Por david e. santos gómez
La imagen, poderosa y simbólica, era esperada por Londres hace años. Una mujer, cuidadosa de todas las formas, recibió la bandera del Reino Unido que acaba de bajar de su asta de la sede de la Unión Europea en Bruselas. La Union Jack fue doblada meticulosamente y abandonó, para siempre, los pasillos del organismo. La isla y el continente consumaban por fin su divorcio luego de histerias y negociaciones y malas caras. El Brexit estaba hecho.
Lo que inició en 2016 como un mal cálculo político del entonces primer ministro británico David Cameron terminó por ser un certero disparo al cuerpo de la Unión que ve así, incrédula, como después de tantas décadas de construcción colectiva se va por la puerta trasera uno de sus principales sostenes, pero también uno de sus integrantes más críticos.
Aún en sus momentos más europeístas, el Reino Unido exigió sus propias reglas para pertenecer al bloque. No quiso, en 1985, firmar el Acuerdo de Schengen que difuminaba límites nacionales ni, mucho menos, adoptó el Euro como moneda. En ambos casos se cerró en sus particularidades y prefirió mantener el control de sus propias fronteras y seguir con la libra esterlina.
El cierre del siglo XX y el inicio del XXI están plagados de ejemplos de tire y afloje entre las partes en los que unos temían perder su autonomía económica y social y los otros exigían un mayor compromiso común. Francia y Alemania, como convencidos de Europa, tiraban la carreta integradora mientras el Reino Unido amenazaba cada tanto con su partida definitiva para sacar beneficios exclusivos.
Sin embargo, la amenaza de separación de una de sus partes más significativas se antojaba tan catastrófica que nunca fue tomada en serio. Ni siquiera en la mañana del referendo del Brexit, el 23 de junio de 2016, Europa creía que la pérdida pudiera darse. Muchos en la isla tampoco. Pero sucedió. El 51 por ciento de los votantes ordenaron abandonar el bloque.

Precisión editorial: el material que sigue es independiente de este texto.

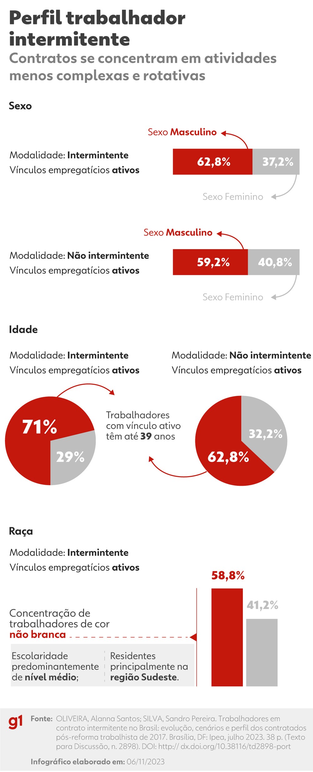 Com base nos dados da Relação Anual de Informações Sociais (Rais) e do Cadastro Geral de Empregados e Desempregados (Caged e Novo Caged), para o período entre 2017 (promulgação da Lei no 13.467/2017) até 2021, o panorama feito pelo Ipea do contrato de trabalho intermitente no Brasil envolve as seguintes características: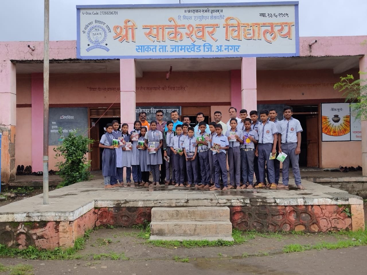 श्री साकेश्वर विद्यालयातील विद्यार्थ्यांना शालेय साहित्य पेन, वही व खाऊचे वाटप करण्यात आले यावेळी अर्जुन रासकर, महादेव मत्रे, अशोक घोलप, त्रिंबक लोळगे, विजयकुमार हराळे, आण्णा विटकर यांच्या सह शिक्षक व शिक्षकेतर तसेच विद्यार्थी मोठ्या संख्येने उपस्थित होते.

Tres años y medio después, el Brexit es aún el centro de toda la política europea. El continente empezará la vida sin su integrante más rebelde y el Reino Unido, como en una voltereta del destino, tendrá que afrontar ahora los bríos independentistas de sus miembros. Escocia e Irlanda del Norte quieren dar la pelea de sus propias libertades.